Nice information, however regardless about this page anyone out there who is getting physically and emotionally abused don't just stand there get help! i did what I could and I got my happily ever after. Now, you make your choice and you get your happily ever after. You don't deserve a life full of pain and misery. Listen just call out for help. Don't be afraid because they have no right of treating you like that. And also for people out there that know people getting abused or hurt help them. Get help now!!!

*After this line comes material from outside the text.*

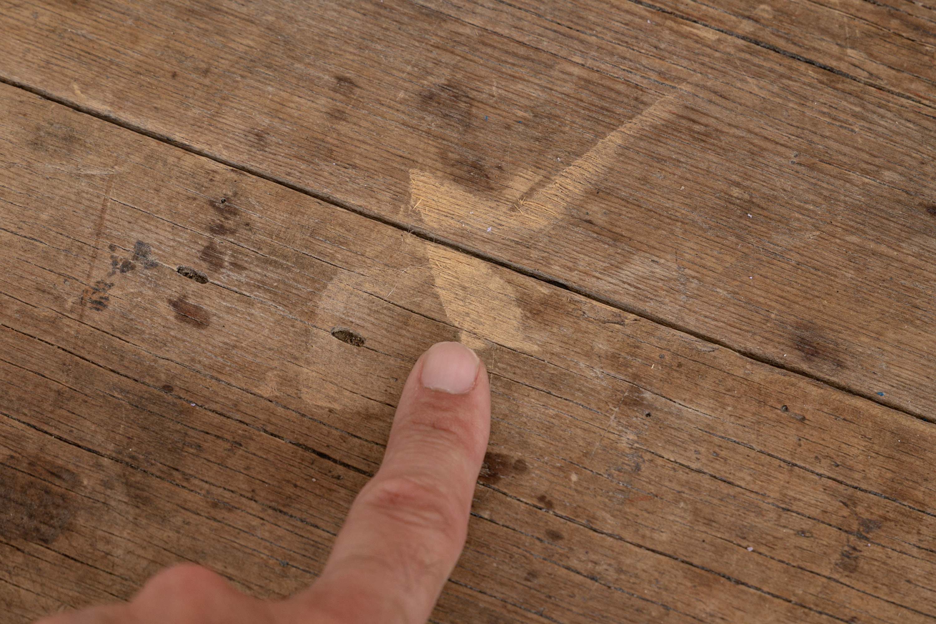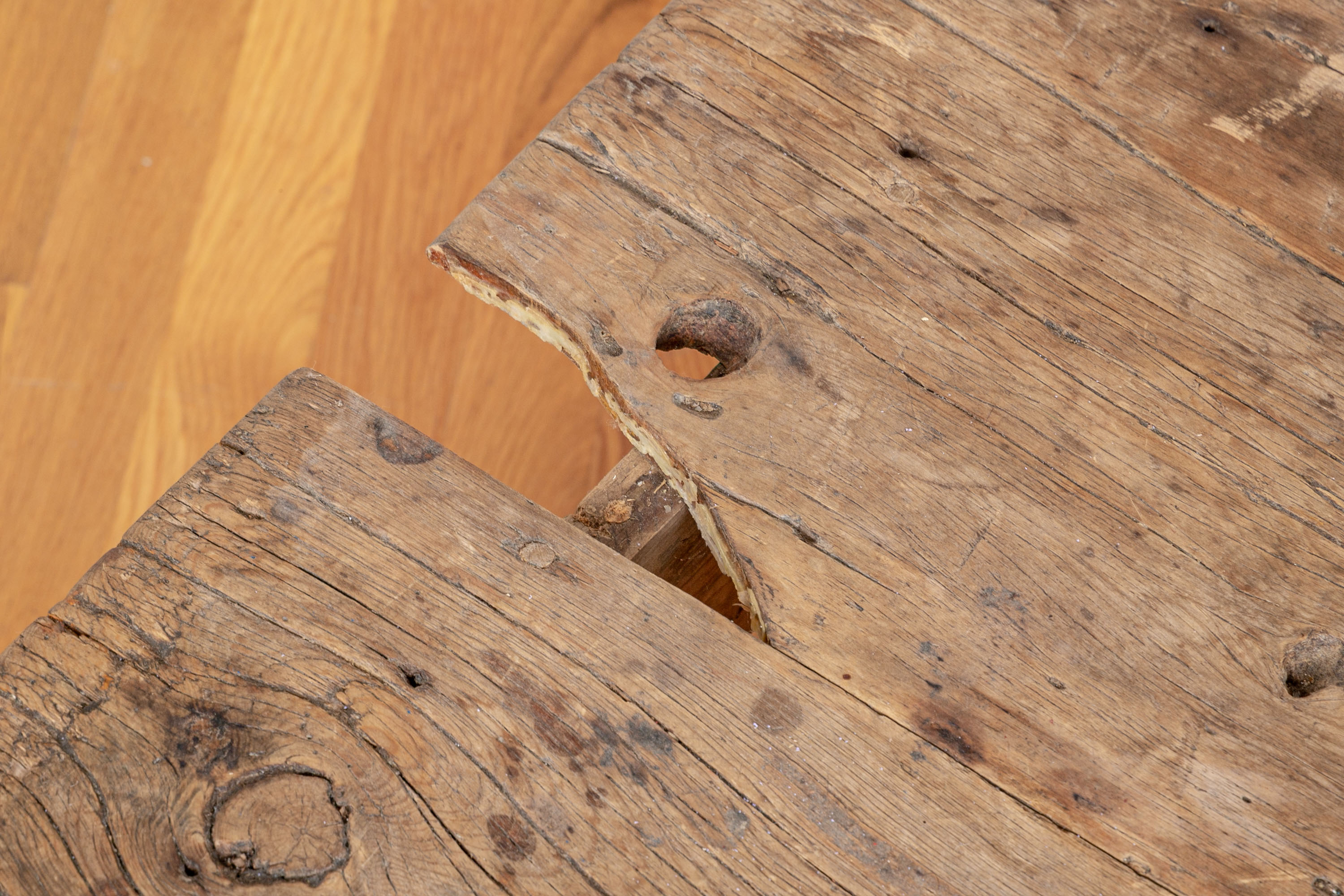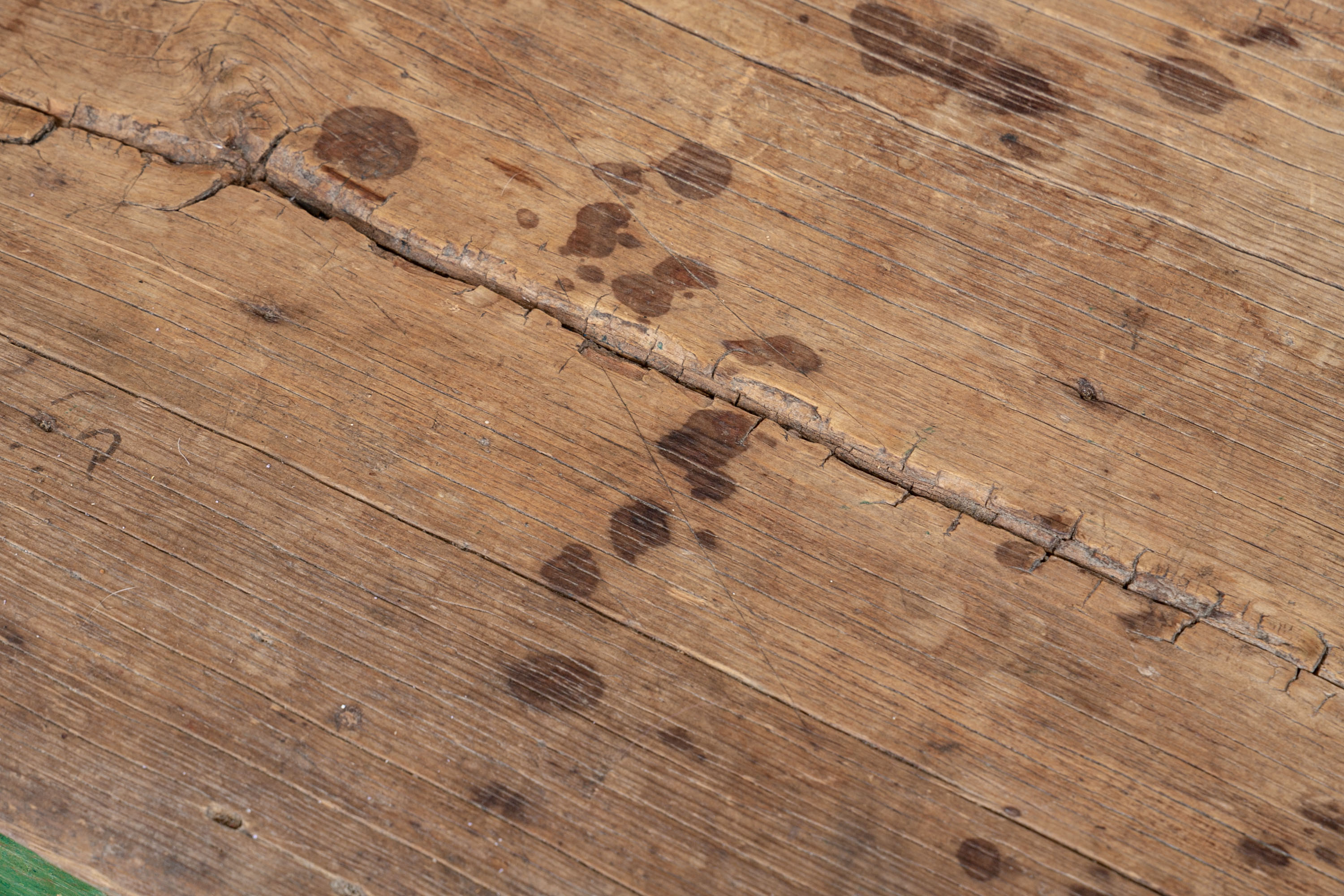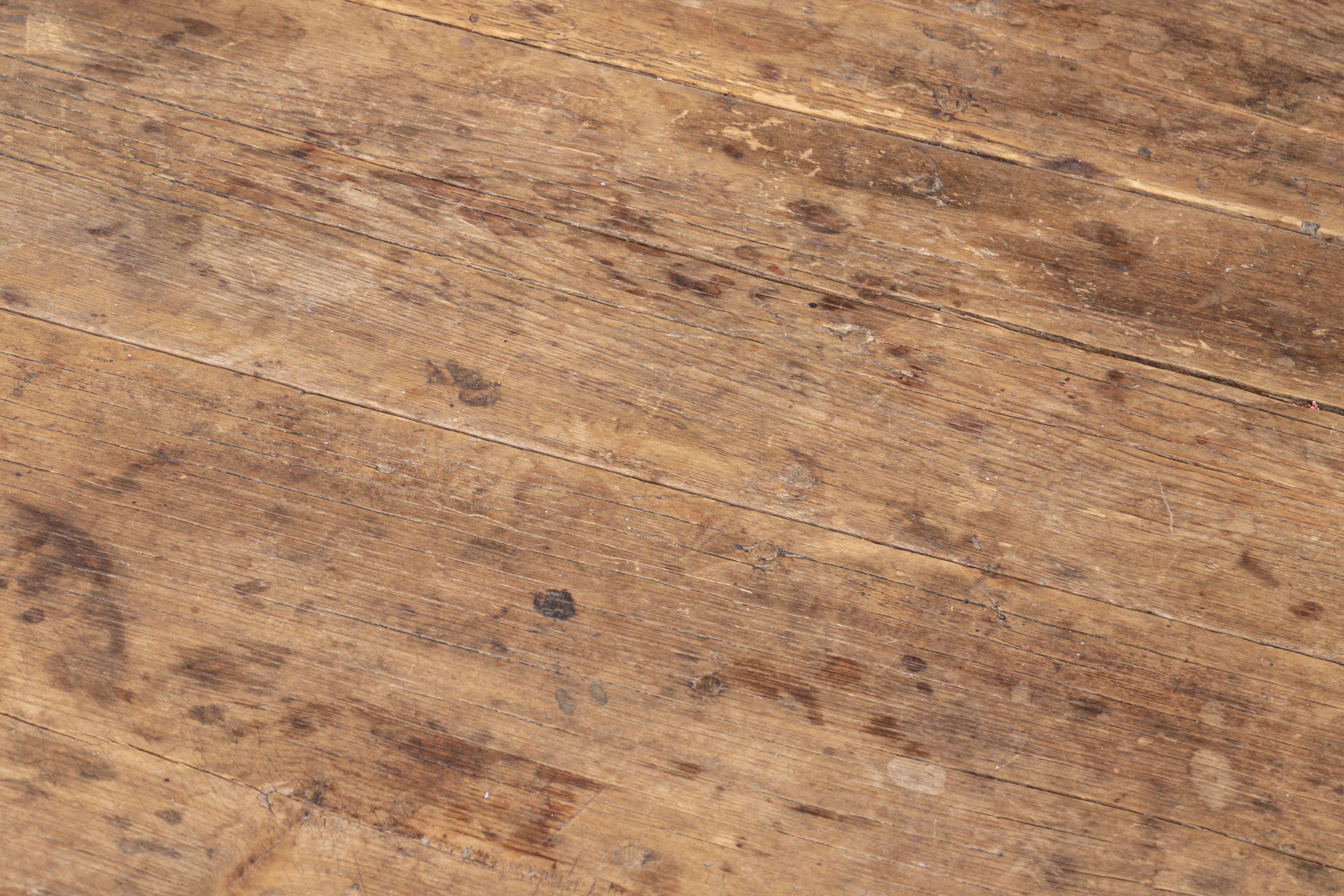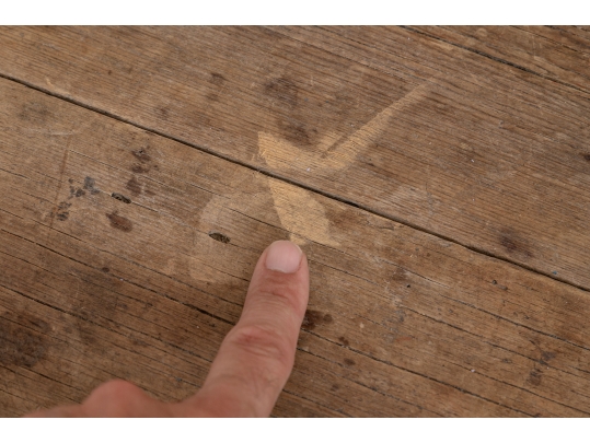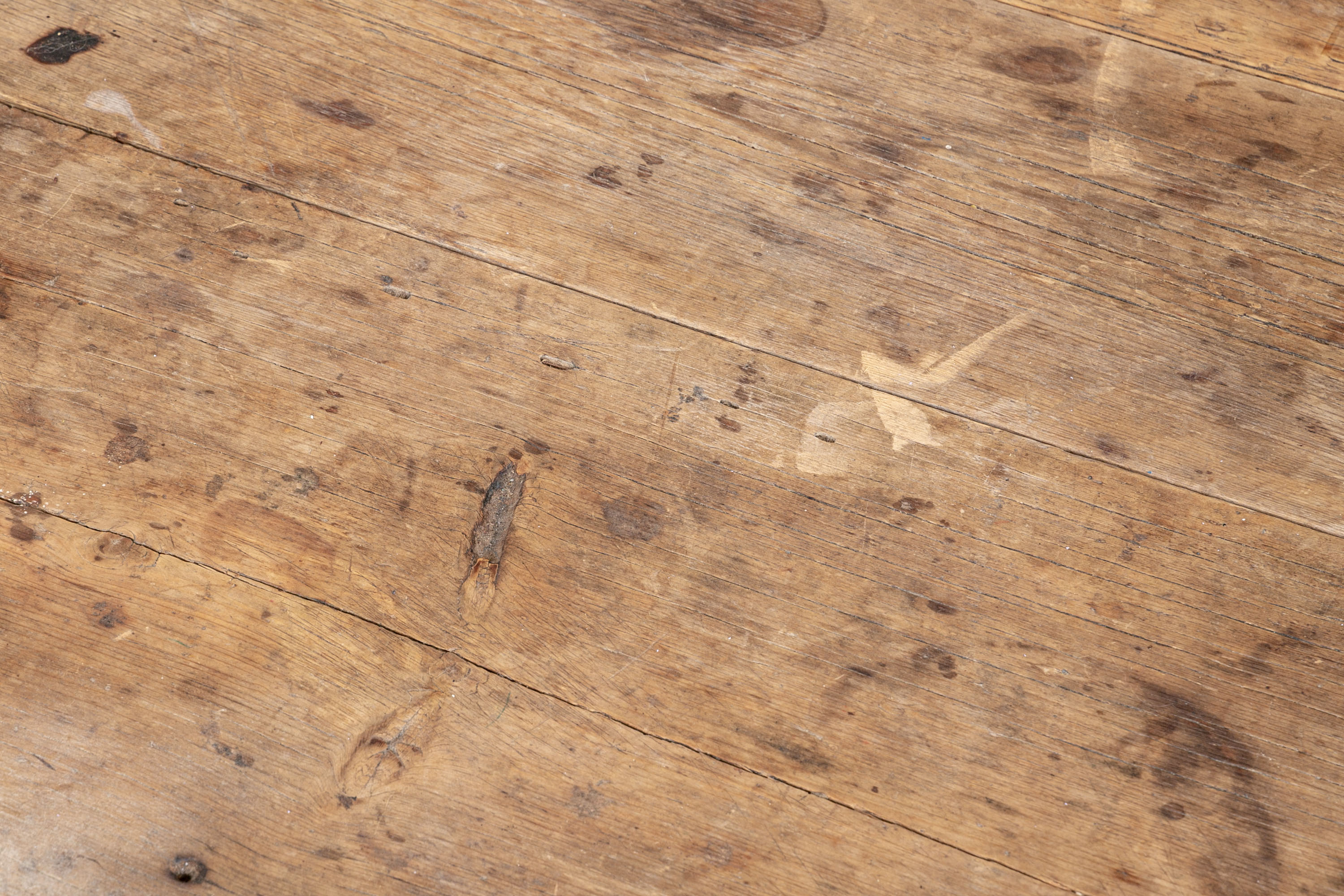 Condition: Please see all detail photos. The entire Table bears Many desirable signs of its age with time-worn surface, age-related areas of paint loss, old stains and an old triangular wood loss to the top, all which add to the authentic look and feel of this great piece.

I agree with Maxie in Kingston. Until individuals experience what I have experienced they can never know what it is like to live in the hell and finally make the decision to get away for good. But then, there are the flash backs and the dreams that exists, but thanks to God I am finally free from the memories and find myself helping others to overcome.



The first fact under myth # 5 really scares me. I have left an abusive relationship after four previous attempts, That fact makes me more vulnerable? May God help me. Lots of persons can talk, but unless you experience it first hand you cannot understand.



Because there are other facts out there supporting men who are abused, doesn't make these facts false. Congratulations on a great page!